For single-token generation (batch=1, heads=32, seq=4096):
- **FLOPs:** 0.02 GFLOPs
- **Memory traffic:** 16.79 MB
- **Arithmetic intensity:** 1.0 FLOPs/byte
- **→ Memory-bound** (H100 peak: 1,970 TFLOPS, 3.35 TB/s)

The cached attention is fundamentally memory-bound — the bottleneck is reading the KV cache from HBM, not computation. This is why bandwidth-optimized kernels (FlashAttention-style tiling) matter more than compute optimization.

### Multi-GPU Strategies

| Strategy | KV Cache Impact | Best For |
|----------|----------------|----------|
| Tensor parallelism | Split K/V by head_dim across GPUs | Large models |
| Pipeline parallelism | Each GPU holds its layer shard's K/V | Very large models |
| Sequence parallelism | Split K/V by sequence dimension | Long context prefill |
| Expert parallelism | KV cache shared; only MLP experts sharded | MoE models |

## Running

```bash
# Run all 10 demos
python demo.py

# Run memory analysis standalone
python memory_analysis.py

# Run GPU mapping report
python gpu_mapping.py
```

## Key Takeaways

1. **KV cache grows linearly** with sequence length and batch size — it's the dominant memory cost for long-context inference.

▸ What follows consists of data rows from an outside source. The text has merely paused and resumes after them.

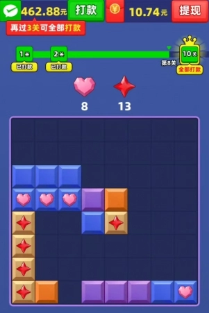这是一款超休闲又烧脑的拼方块游戏,每一关都藏着超有趣的挑战等你来解锁!是时候秀出你的空间想象力啦——把方块精准拼到对应位置,尽可能让它们大面积消除,这样就能快速完成关卡目标,赢取系统准备的丰厚奖励哦!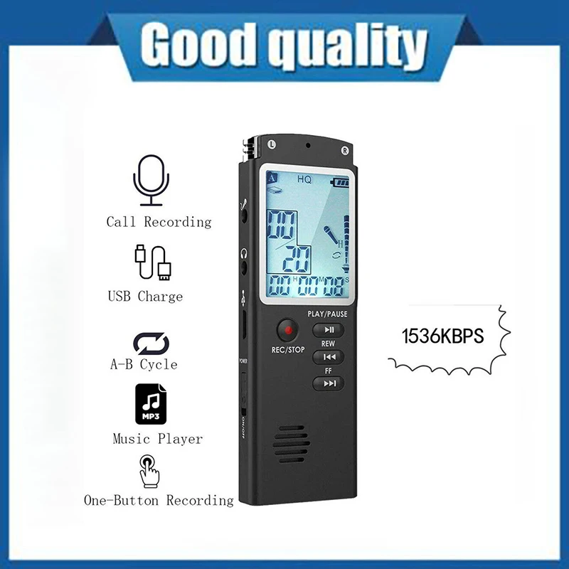Особенности:Функция записи одной кнопкой, просто нажмите REC, чтобы начать запись.Высокое качество MP3, WAV формат записи с емкостной аудиозаписью для более четкого звука.Поддержка записи телефона, функция повтора, автоматическое сохранение файлов с низким напряжением, функцией часов и внешним воспроизведением голосовых динамиков.С голосовым управлением, он будет автоматически записывать при прослушивании звука и пауза в противном случае.Внутренняя полимерная батарея большой емкости поддерживает запись в течение 720 минут.Спецификация:Тип товара: диктофонМатериал: АБС-пластикЦвет: черныйДля хранения Ёмкость: 8 / 16 / 32 ГБПамять: встроенная флэш-памятьМикрофон: всенаправленный конденсатор 360 градусов MICФормат записи: WAV /MP3Дисплей: ЖК-экранВремя записи: 720Интерфейс: USB 2,0Расстояние записи: 6-12 мПосылка включает в себя:1x диктофон1x наушники1x USB кабель1x микрофон1x аудио кабель1x телефонный кабель1 телефонная/записывающая распределительная коробка1x Руководство пользователя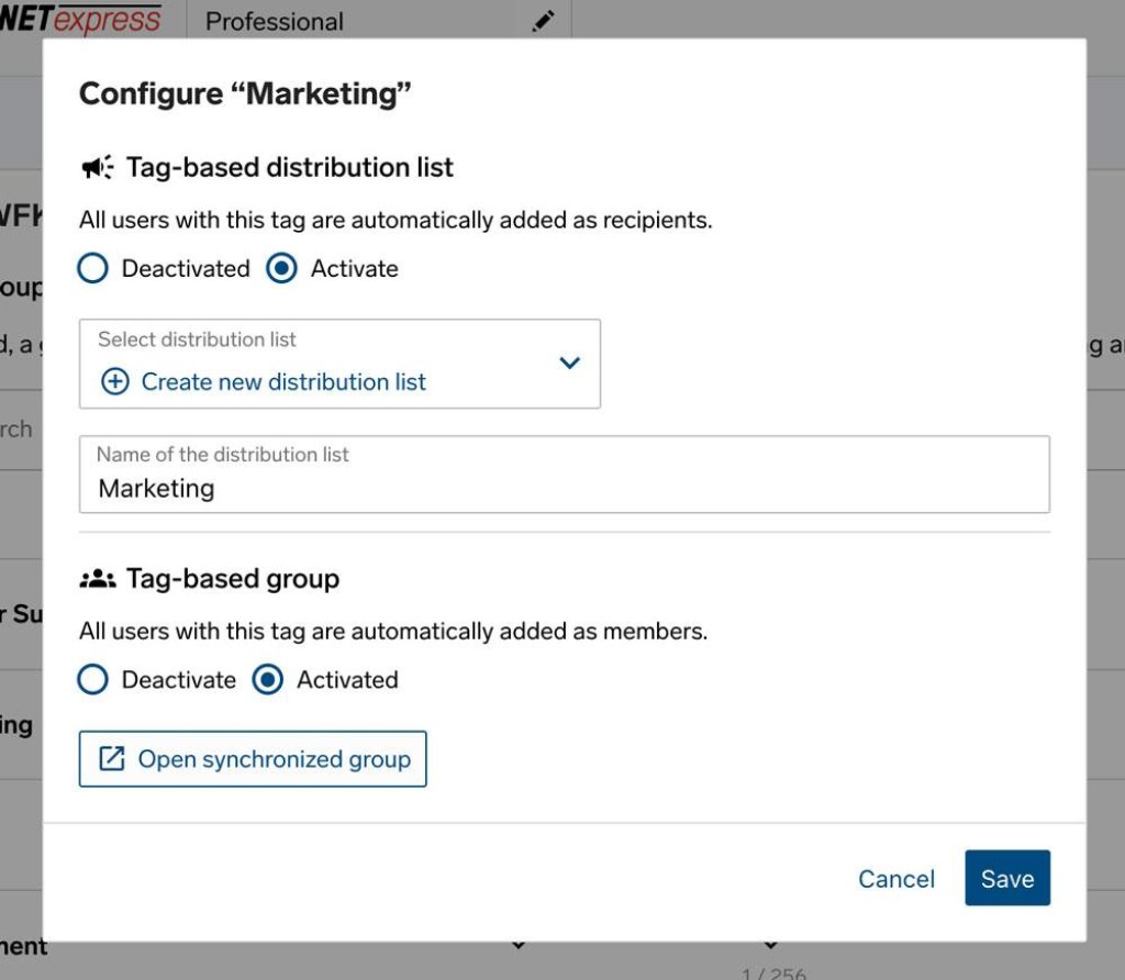 Use the settings icon to select the tag you want to use to create a distribution list or group, and click “Activate” to create the automated distribution list or group. You can then define whether you want to create a new distribution list or group or synchronize an existing one. You can also change the name of newly created distribution lists and groups.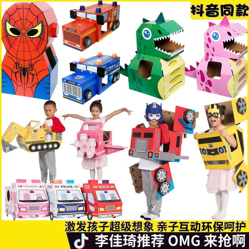 纸箱恐龙可穿戴变形金刚汽车擎天柱大黄蜂机器人幼儿纸板手工DIY

2. **Generation is memory-bound** — reading the KV cache from HBM dominates latency, not the attention computation itself.

3. **Paged attention eliminates fragmentation** — critical for serving variable-length sequences efficiently.

4. **Quantization gives ~50% savings** with minimal accuracy loss when using shared per-channel scales.

5. **FlashAttention-style tiling** reduces HBM traffic by processing K/V in tiles that fit in shared memory, cutting memory bandwidth requirements by 2-4×.